Dr. Walter Stein says that Aquinas represents the "true" Manicheism and criticizes the false which had become a "travesty"- Note 10, Chapter 4, The Ninth Century.
"In response to the opposition of Manichaean dualism Aquinas emphasises that the union of body and soul is essential for humans, and that it is to the advantage of both body and soul. "To be united to body is not to the detriment of the soul but to its enrichment. There is the substantial benefit of completing human nature, and the accidental benefit of achieving knowledge that can only be acquired through the senses".
"He says that our body substance is not from an evil principle, as the Manichaeans imagine, but from God. "By the friendship of charity, by which we love God should we cherish the body." In his opinion the psycho-somatic interdependence goes so far that the quality of intellectual life depends on the quality of the body. When the body is a hindrance for the achievements of the higher aims of human life, it is not due to its being body, but to sin which corrupts the body and disturbs the harmony between body and soul."

As you can see, the doctrine he was opposing was one of the Lucifer-Gnosis. 

An interesting point Dr. Stein makes is that Aquinas was a descendant of Landulf II of Capua (Klingsor). (Family tree given by Erchempertus quoted in The Ninth Century, Chapter 6, note 8.)

Aquinas was not so tolerant of heretics (advising they be put to death):
Aquinas and the Heretics:
"With regard to heretics there are two points to be observed, one on their side, the other on the side of the Church. As for heretics their sin deserves banishment, not only from the Church by excommunication, but also from this world by death. To corrupt the faith, whereby the soul lives, is much graver than to counterfeit money, which supports temporal life. Since forgers and other malefactors are summarily condemned to death by the civil authorities, with much more reason may heretics as soon as they are convicted of heresy be not only excommunicated, but also justly be put to death.

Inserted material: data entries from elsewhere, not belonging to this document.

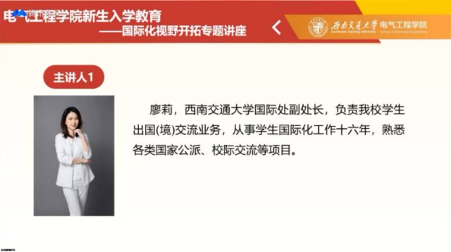 2022年9月1日晚19时,为帮助新生增强国际视野,树立国际化意识,MK SPORTS开展了新生入学教育之国际化视野开拓专题讲座。学院特别邀请了国际处副处长廖莉老师作为主讲人,会议由2020级辅导员郭冰倩老师主持,学院2022级本科新生共同参与本次活动。
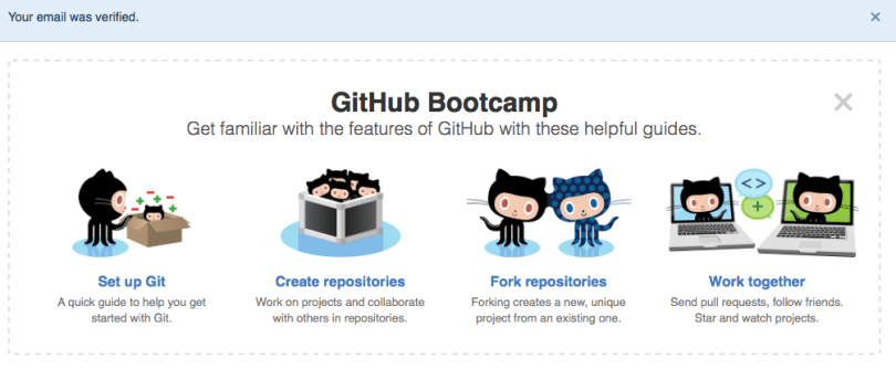 Una vez has aceptado el correo GitHub te sugiere unos tutoriales sobre las cosas que puedes hacer allí, tómalos cuando quieras.
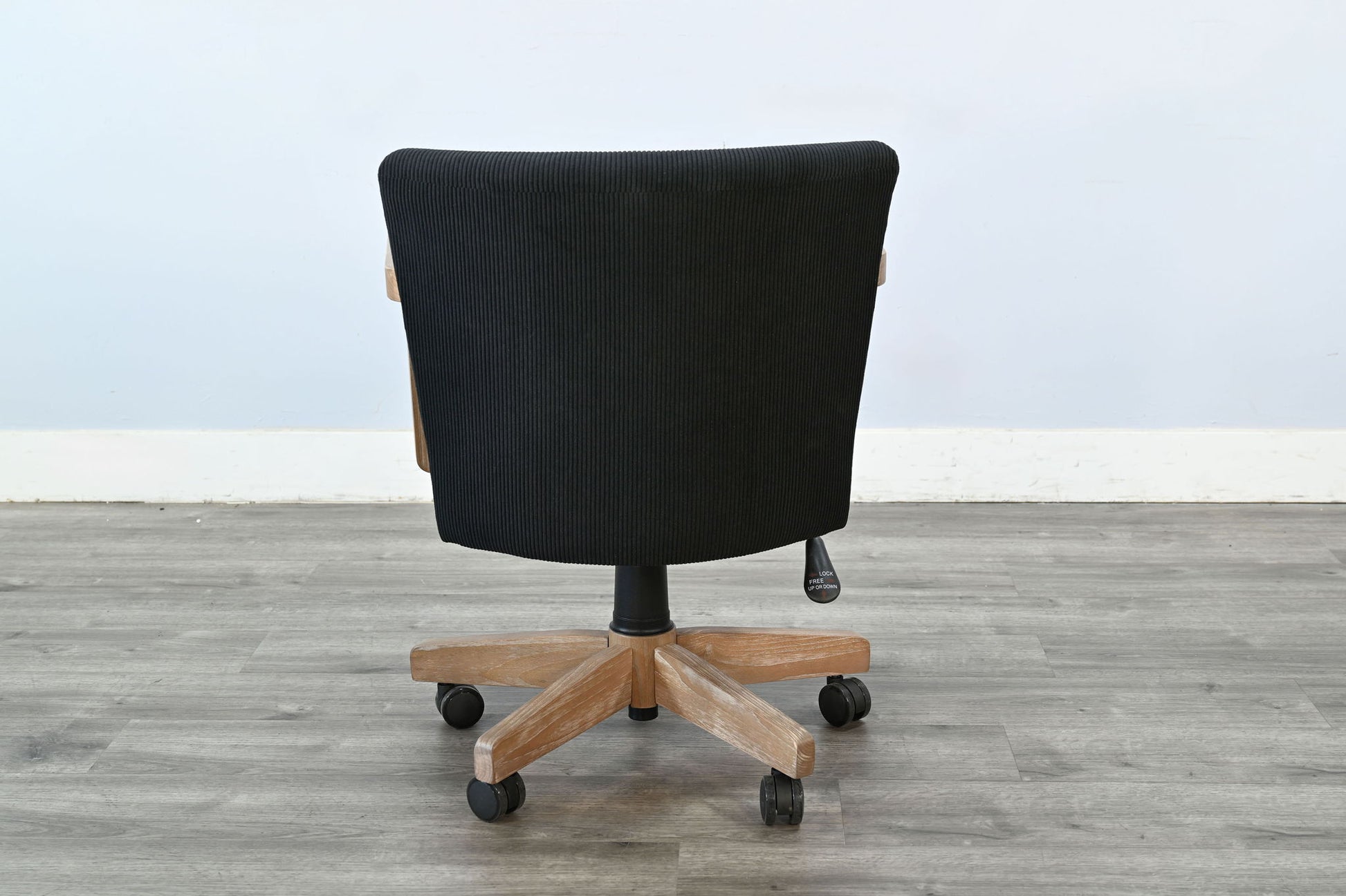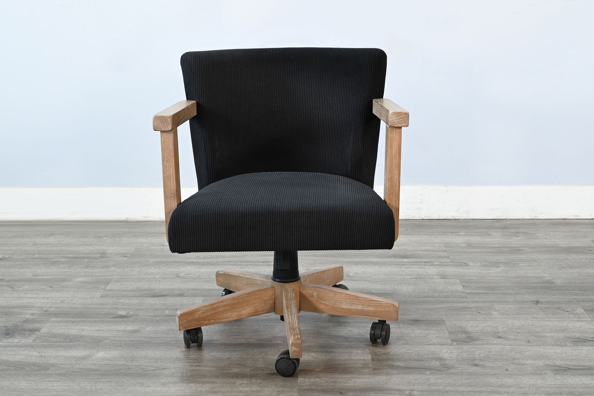 Bring comfort and character to your workspace with this Corded Swivel Office Chair, featuring a perfect blend of modern utility and rustic charm. Upholstered in a textured black corduroy-style fabric, the seat and backrest offer plush support with a refined feel. The lightly washed oak arms and base add a warm, natural contrast while maintaining durability and style. Complete with smooth-rolling casters and an adjustable seat height, this chair is designed to support your productivity in comfort and style.

"But on the side of the Church is mercy which seeks the conversion of the wanderer, and She condemns him not at once, but after the first and second admonition, as the Apostle directs. Afterwards, however, if he is still stubborn, the Church takes care of the salvation of others by separating him from the Church through excommunication, and delivers him to the secular court to be removed from this world by death. The Decretum repeats Jerome's comment, "Cut off the decayed flesh, expel the mangy sheep from the fold, lest the whole house . . . the whole body, the whole flock burn, perish, rot, die. Arius was but a single spark in Alexandria, but as it was not at once put out, the whole world was laid waste by his flame."